Given information ::
^^^^^^^^

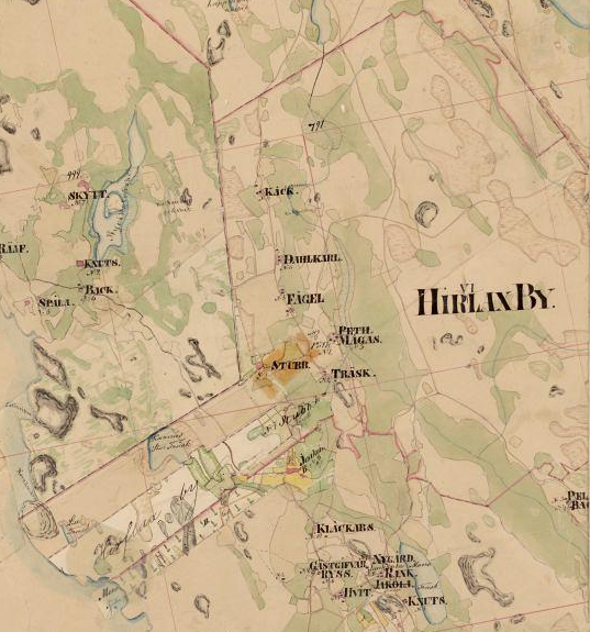 Cropped map of Hirvlax from 1845
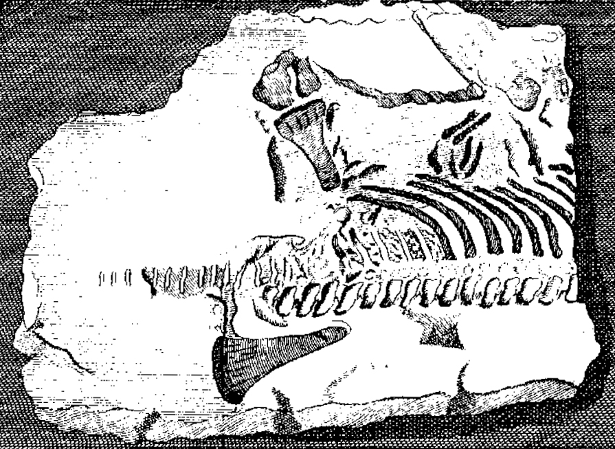 First published plesiosaur fossil.[1]
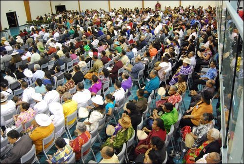 picture of church goers, women in church hats, men dressed at their best... Mangere Samoan AOG

^^^^^^^^

What you need to do ::
Would you print all of the material exactly as written, minus the pictures?

Reply to the exercise ::
 Cropped map of Hirvlax from 1845
 First published plesiosaur fossil.[1]
 picture of church goers, women in church hats, men dressed at their best... Mangere Samoan AOG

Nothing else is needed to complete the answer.